### Messing around with the Fred API

In [1]:
# Import stuff
import pandas as pd
import numpy as np
import time
import requests
import json

K: number of features
T: number of timesteps
N: number of examples

At the end of the day, we want our dataset in the following format (NxTxK):
- each example will have an associated county and timeframe
- each example will have inputs (KxT)
- each example will have targets (1xT)

#### How the data is organized from their API:
- series: what we might think of as a dataset.
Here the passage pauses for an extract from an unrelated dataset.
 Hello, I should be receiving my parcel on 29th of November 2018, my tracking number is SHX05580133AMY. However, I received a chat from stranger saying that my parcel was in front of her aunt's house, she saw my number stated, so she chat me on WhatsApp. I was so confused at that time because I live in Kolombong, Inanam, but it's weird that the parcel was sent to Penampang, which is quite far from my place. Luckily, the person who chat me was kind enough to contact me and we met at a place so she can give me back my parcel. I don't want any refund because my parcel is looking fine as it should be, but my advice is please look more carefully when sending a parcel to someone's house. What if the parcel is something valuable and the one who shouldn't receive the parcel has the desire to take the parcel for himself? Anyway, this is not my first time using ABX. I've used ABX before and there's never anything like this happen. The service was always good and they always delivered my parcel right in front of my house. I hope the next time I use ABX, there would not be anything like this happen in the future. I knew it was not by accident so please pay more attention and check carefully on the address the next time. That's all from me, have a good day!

Has (time, value) pairs
- category: This is a general bucket containing many series or containing child categories

#### Individual categories:
- county: each county has a unique id
- msa: each metro statistical area has a unique id and will be associated with many counties
- state: each state has a unique id and will be associated with many state
- country: USA has a unique id and will be associated with all counties

Series: each series has a unique id and will be related to a geography type (county, metro statistical area(MSA), state, country) via id

#### Getting the actual data
We can the feature matrix for one example as follows:
- Choose a county
- Request all series titles for the category_id corresponding to the county
- Request the full series for each title from before (we can fill some of our KxT)
- Get the state that the county is in
- Include the features for the state (fill in some more of our KxT)
- Include the features for the country (fill in some more of our KxT)
- Get the msa associated with the county
- Include the features for the msa (fill in the rest of our KxT)
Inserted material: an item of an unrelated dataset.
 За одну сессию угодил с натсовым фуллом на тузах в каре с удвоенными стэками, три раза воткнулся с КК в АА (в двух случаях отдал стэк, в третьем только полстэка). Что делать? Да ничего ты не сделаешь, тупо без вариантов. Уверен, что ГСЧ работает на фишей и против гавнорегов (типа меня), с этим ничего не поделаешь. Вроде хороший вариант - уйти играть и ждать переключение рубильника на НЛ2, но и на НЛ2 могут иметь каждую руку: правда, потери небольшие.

To get the features for each state:
- Request the series_ids for the category_id corresponding to the state

To get the features for the country:
- Request the series_ids for the category_id corresponding to the country

To get the features for each msa:
- Request the series_ids for the category_id corresponding to the msa

In [2]:
#Get category id for all states

params = {
            'category_id':27281,
            'api_key': 'e76fcf746d3ca3cc025c0803dd212fc8',
            'file_type': 'json'
         }

r = requests.get(url = 'https://api.stlouisfed.org/fred/category/children', params=params) 
res = r.json()

states = res['categories']

for state in states:
    print(state)

{'id': 27282, 'name': 'Alabama', 'parent_id': 27281}
{'id': 27283, 'name': 'Alaska', 'parent_id': 27281}
{'id': 27284, 'name': 'Arizona', 'parent_id': 27281}
{'id': 149, 'name': 'Arkansas', 'parent_id': 27281}
{'id': 27286, 'name': 'California', 'parent_id': 27281}
{'id': 27287, 'name': 'Colorado', 'parent_id': 27281}
{'id': 27288, 'name': 'Connecticut', 'parent_id': 27281}
{'id': 27289, 'name': 'Delaware', 'parent_id': 27281}
{'id': 27290, 'name': 'District of Columbia', 'parent_id': 27281}
{'id': 27291, 'name': 'Florida', 'parent_id': 27281}
{'id': 27292, 'name': 'Georgia', 'parent_id': 27281}
{'id': 27293, 'name': 'Hawaii', 'parent_id': 27281}
{'id': 27294, 'name': 'Idaho', 'parent_id': 27281}
{'id': 150, 'name': 'Illinois', 'parent_id': 27281}
{'id': 151, 'name': 'Indiana', 'parent_id': 27281}
{'id': 27297, 'name': 'Iowa', 'parent_id': 27281}
{'id': 27298, 'name': 'Kansas', 'parent_id': 27281}
{'id': 152, 'name': 'Kentucky', 'parent_id': 27281}
{'id': 27300, 'name': 'Louisiana', 'p

In [3]:
# This first request is just an intermediate link that we have to
# make for each state in order to access its counties
state_id = states[0]['id']
state_name = states[0]['name']
params = {
    'category_id': state_id,
    'api_key': 'e76fcf746d3ca3cc025c0803dd212fc8',
    'file_type': 'json'
}
r = requests.get(url = 'https://api.stlouisfed.org/fred/category/children', params=params)
res = r.json()

state_counties_id = None
for child in res['categories']:
    if child['name'] == 'Counties':
        state_counties_id = child['id']
        
print(state_counties_id)

27335


In [4]:
# Here we actually get the counties
params = {
    'category_id': state_counties_id,
    'api_key': 'e76fcf746d3ca3cc025c0803dd212fc8',
    'file_type': 'json'
}
r = requests.get(url = 'https://api.stlouisfed.org/fred/category/children', params=params)
res = r.json()
print(json.dumps(res['categories'], indent=4))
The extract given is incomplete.